The q-Expected Hypervolume Improvement (q-EHVI) is an extension of the EHVI that enables evaluation of the EHVI across a batch of q candidate points simultaneously. It measures the expected increase in hypervolume when all q candidates are jointly evaluated, incorporating correlations between their predicted objective values. Formally, q-EHVI is defined as:

$$\begin{array}{l}{\alpha }_{q-{EHVI}}\left({{\boldsymbol{X}}}_{{\boldsymbol{cand}}}\right){\mathbb{=}}{\mathbb{E}}\left[{HVI}\left(f\left({{\boldsymbol{X}}}_{{\boldsymbol{cand}}}\right)\right)\right]={\int }_{\!\!-\infty }^{\infty }{HVI}\left(f\left({{\boldsymbol{X}}}_{{\boldsymbol{cand}}}\right)\right)p\left(f\left({{\boldsymbol{X}}}_{{\boldsymbol{cand}}}\right){|D}\right){df}\end{array}$$
(10)

where \({{\boldsymbol{X}}}_{{\boldsymbol{cand}}}=\{{{\boldsymbol{x}}}_{1},\ldots ,{{\boldsymbol{x}}}_{{\boldsymbol{q}}}\}\) is the set of q candidate points, \(f\left({{\boldsymbol{X}}}_{{\boldsymbol{cand}}}\right)\) are the corresponding objective values, and \(p\left(f\left({{\boldsymbol{X}}}_{{\boldsymbol{cand}}}\right){|D}\right)\) is the joint posterior predictive distribution of the model conditioned on the observed data \(D\).

Since there is no closed-form solution for \(q > 1\) or when the predicted outcomes are correlated, the expectation is approximated using Monte Carlo (MC) integration.
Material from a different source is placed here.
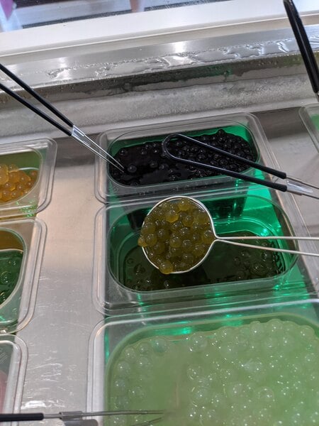 The best popping boba there is! Kids and adults rave about them. We add them to our refreshers, milk teas, sometimes people just order a scoop of them alone just to snack on while waiting for theirs drinks to be made. Will always have them in stock in our shop!!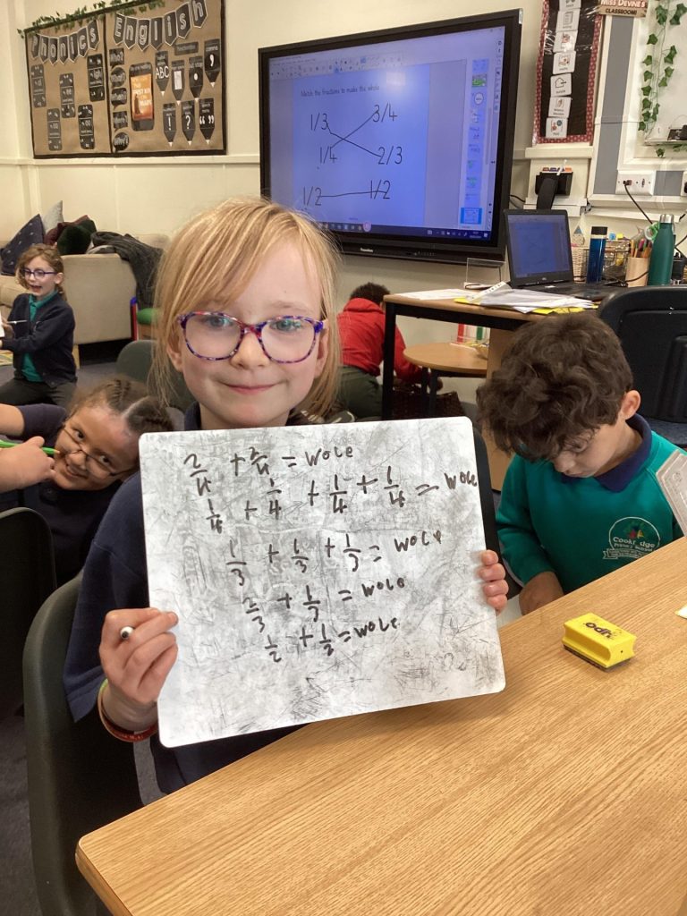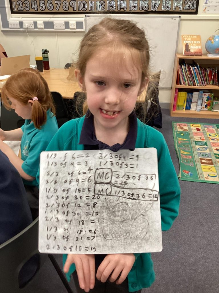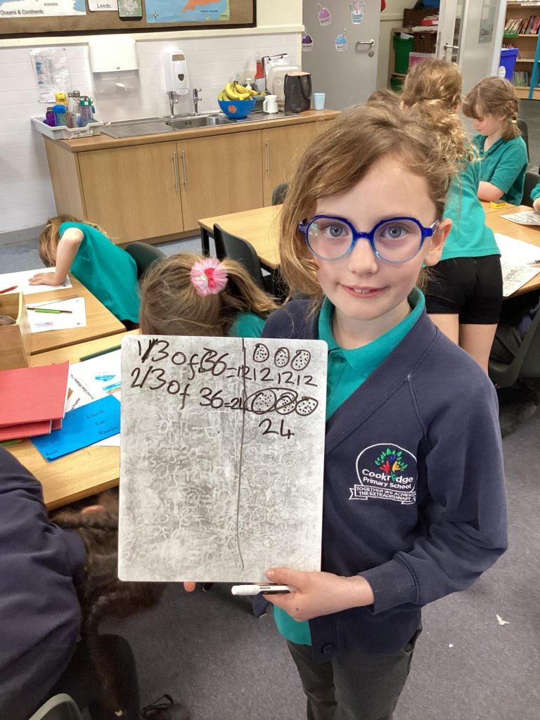 During our Maths lessons this week, Year One have been learning about equal and unequal groups. They have been recognising when groups are unequal and have been adding together equal groups as the beginning to multiplication. Year Two are continuing with their work on division and finding fractions of amounts.

This involves drawing \(N\) samples \({\left\{f\left({{\boldsymbol{X}}}_{{\boldsymbol{cand}}}\right)\right\}}_{t=1}^{N}\) from the joint posterior \(p\left(f\left({{\boldsymbol{X}}}_{{\boldsymbol{cand}}}\right){|D}\right)\). Letting \({z}_{k,{X}_{j},t}^{(m)}=\min [{u}_{k},\mathop{\min }\limits_{{x}^{{\prime} }\in {X}_{j}}{f}_{t}\left({x}^{{\prime} }\right)]\), the expectation can be estimated as:

$${\hat{\alpha }}_{q-{EHVI}}\left({{\boldsymbol{X}}}_{{\boldsymbol{cand}}}\right)=\frac{1}{N}\mathop{\sum }\limits_{t=1}^{N}{HVI}\left(\,{f}_{t}\left({{\boldsymbol{X}}}_{{cand}}\right)\right)$$
(11)
$${\hat{\alpha }}_{q-{EHVI}}\left({{\boldsymbol{X}}}_{{\boldsymbol{cand}}}\right)=\frac{1}{N}\mathop{\sum }\limits_{t=1}^{N}\mathop{\sum }\limits_{k=1}^{K}\mathop{\sum }\limits_{j=1}^{q}\sum _{{X}_{j}\in {X}_{j}}{\left(-1\right)\,}^{j+1}\mathop{\prod }\limits_{m=1}^{M}\left[{z}_{k}^{\left(m\right)}-{l}_{k}^{\left(m\right)}\right]$$
(12)

The integration region is divided into \(K\) hyper-rectangular cells based on the current Pareto where \({z}_{k}^{\left(m\right)}\) is the upper bound of the \(m\)-th objective in the \(k\)-th cell, and \({l}_{k}^{\left(m\right)}\) is the lower bound. The overall q-EHVI is obtained by summing the contributions of all active cells and accounting for the combinatorial subsets of the q candidates.

The MC estimation error decreases as \(O\left(1/\sqrt{N}\right)\) with independent samples, regardless of the dimensionality of the search space. To improve efficiency, randomized quasi-Monte Carlo methods are often employed, which reduce variance and provide faster convergence in practice.